UMA LIÇÃO DE VIDA OU MORTE
por Roberto CunhaSe você faz parte do time que não gosta de filmes "baseado em fatos reais", é bom saber neste minuto que 127 Horas é um deles. Porém, diferente da maioria que costuma virar dramalhão e ter muitos personagens, este longa tem um diferencial e tanto: é a história de um homem só. Literalmente. Em maio de 2003, Aron Ralston trilhava uma aventura pelos canyons de Utah, nos Estados Unidos, e acabou ficando com seu braço preso por uma pedra após uma queda dentro de uma fenda. Sozinho e isolado do mundo, sua luta pela sobrevivência foi relatada em um livro e durou o tempo que batiza esta produção.
Com belas sequências iniciais, o diretor Danny Boyle (Quem Quer Ser um Milionário?) apresenta o universo do protagonista de maneira brilhante, sonora e colorida. Mas o drama só começa com o silêncio total, após o acidente, quando o espectador cai junto com Ralston (James Franco) na mais absoluta certeza de que algo deu muito errado. E o cineasta bate o pino de misericórdia quando o som retorna e um providencial afastamento da câmera picada (filmada do alto) em direção ao céu, revela o inferno em que o alpinista se meteu. O pior ainda vai acontecer. Como era de se esperar, as cenas seguintes terão um rotina agoniante. Contudo, o roteiro preferiu não ir pelo caminho conhecido e procurou vias alternativas para acentuar o "aprendizado" do protagonista que, apesar do bom humor constante, se relacionava mal com as pessoas. Assim, entre a administração da pouca água potável e as tentativas em vão de se soltar do local, memórias e delírios se misturam, revelando arrependimentos (típico de quem vive uma situação limite) de um cara egoísta e duro na queda.
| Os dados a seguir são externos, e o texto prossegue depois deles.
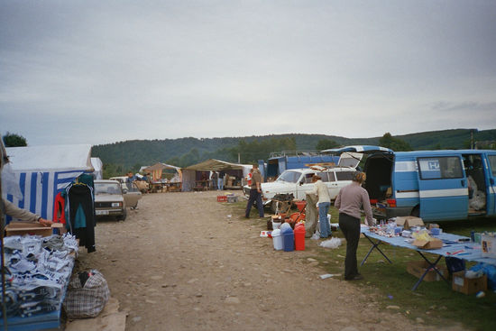 Von Radfahrehrgeiz ist auch heute nicht die Rede, weil von Sonne keine Spur zu sehen ist und ab und zu ein paar Tropfen fallen.So steuern wir erst einmal weitere Kurorte an, und in Jaremca werden wir fündig. Hier scheint es alle Kureinrichtungen zu geben, die vor allem wohl dem Wintersport dienen. Aber außer der Besichtigung einer großen Kirche im unitarisch-ukrainischen Stil zieht es uns schnell wieder ins Auto, denn dort ist es warm. Besonders ich spüre das, denn meinen Pullover habe ich wahrscheinlich auf der Tour nach Auschwitz irgendwo liegen gelassen. Aber auf einem Markt mitten auf dem Feld zwischen Diljatyn und Kolomya kann mir geholfen werden. Für 48 Griwna erstehe ich einen Pullover, den mir das Marktvolk nach langer Suche - auch bei der Konkurrenz nebenan- anbietet. Sichtlich stolz sind die Leute, dass sie mir haben weiterhelfen können, und sofort wird ein Porträtfoto in voller Größe von mir angefertigt. Nun zieht es uns unaufhaltsam Richtung Cernivici-Czernowitz. Die Straße ist so gut, das sie zum Schnellfahren verführt, obwohl 50 vorgeschrieben sind. Das wird uns genau an der Grenze zum Oblast Cernivici zum Verhängnis. Das Ergebnis ist dennoch überraschend: Horst, der Fahrer, wird allein in die Zelle der Polizei genötigt, und dort wird ihm die Tabelle fürs Schnellfahren gezeigt. Zwischen 75 und 150 Griwna (=12 bis 24 Euro) sind fällig. 80 bezahlt er dann, als der Polizist allein mit ihm ist und ohne Quittung. Frohe Fahrt wird uns weiter gewünscht....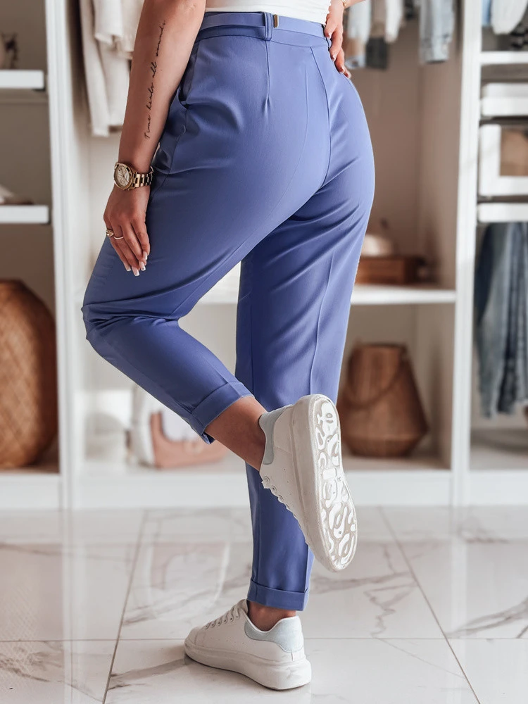 Ležérní dámské plisované kalhoty s páskem PLISSO modrá FashionStreet UY2517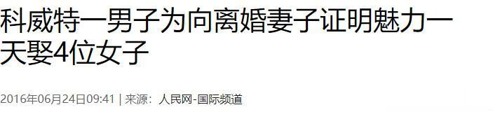 2016年6月,科威特《公论报》报谈了一个男东谈主在一天之内娶了4位浑家的新闻。这事在外东谈主看起来如实令东谈主调度和畏惧,但是望望这个须眉的付出,也足以让东谈主惊掉下巴。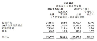 從業務方面看,第一季度,小米智能手機業務收入爲350億元,同比下降23.6%;IoT與生活消費產品收入爲168.34億元,同比減少13.6%;互聯網服務收入爲70.28億元,同比減少1.2%。
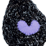 This huggable chunky crocheted chicken is the cutest plush friend with its soft speckled black body, orange comb, and purple heart.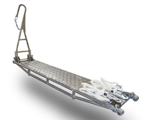 Трап предназначен для размещения трех электромонтеров с необходимым для работ инструментом при монтаже арматуры на проводах, молниезащитных тросах и самонесущих оптических кабелях ВЛ.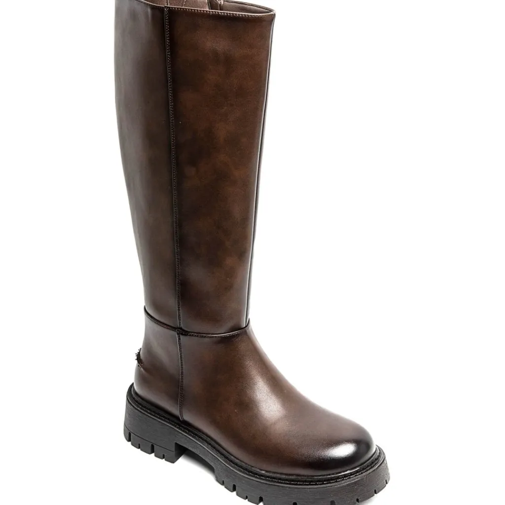 Cool støvle i imiteret skind. Lynlås på indersiden og sej chunky bund. Perfekt til kjole eller nederdel.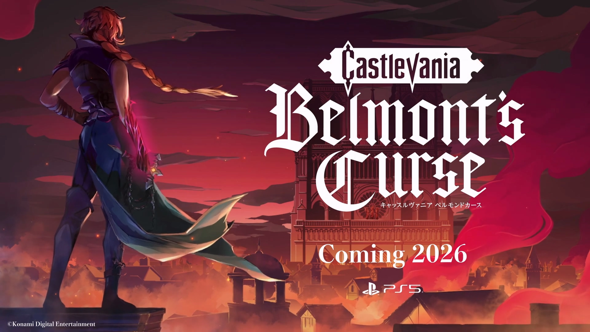 KONAMI公布《恶魔城》系列新作《恶魔城:贝尔蒙特的诅咒》,预定于2026年内登陆PS5、Switch、Xbox、PC平台。。本作为系列40周年纪念作品,将采用经典的2D动作玩法。故事发生在《恶魔城传说》23年之后,玩家将跟随年轻的贝尔蒙特展开冒险。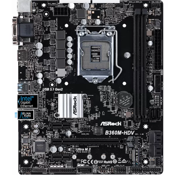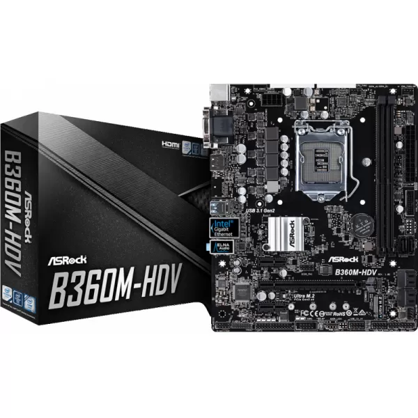ASRock B360M-HDV, INTEL B360 Series, LGA1151, 2 DDR4, 6 x SATA3

Deixando de lado o merchandising acintoso de marcas como Cannon, Suunto, Petzel e Gatorade, entre outras, a crítica verbalizada ao que é produzido na China faz pensar em como faz falta um bom e util Victorinox. Do elenco diminuto e de rápidas passagens, a curiosidade vai para a pequena participação de Treat Williams, velho conhecido dos fãs do clássico Hair. O mérito de 127 Horas foi equilibrar este mosaico de informações numa contagem regressiva de pouco mais de 90 minutos. E aviso aos aventureiros: engana-se quem pensa que vai ver só sangue, suor e lágrimas. Embora existam (algumas) cenas de forte impacto, o destaque mesmo vai para aquelas sequências minuciosas onde o som tem relevo e imagens raras falam mais alto. É o que acontece na hora do raio de sol com seu belo significado, nos momentos "internos" da garrafa, no cabeçote da câmera e até no primeiro - e significativo - registro de um vizinho local: uma simples formiga.
Portanto, assim como a vítima conclui que em alguns momentos de nossa existência “tudo vem de uma vez”, o que se constata ao encarar esta experiência de alta tensão é que ela foi para ele, e para todos que a conhecem, uma verdadeira lição de vida ou morte.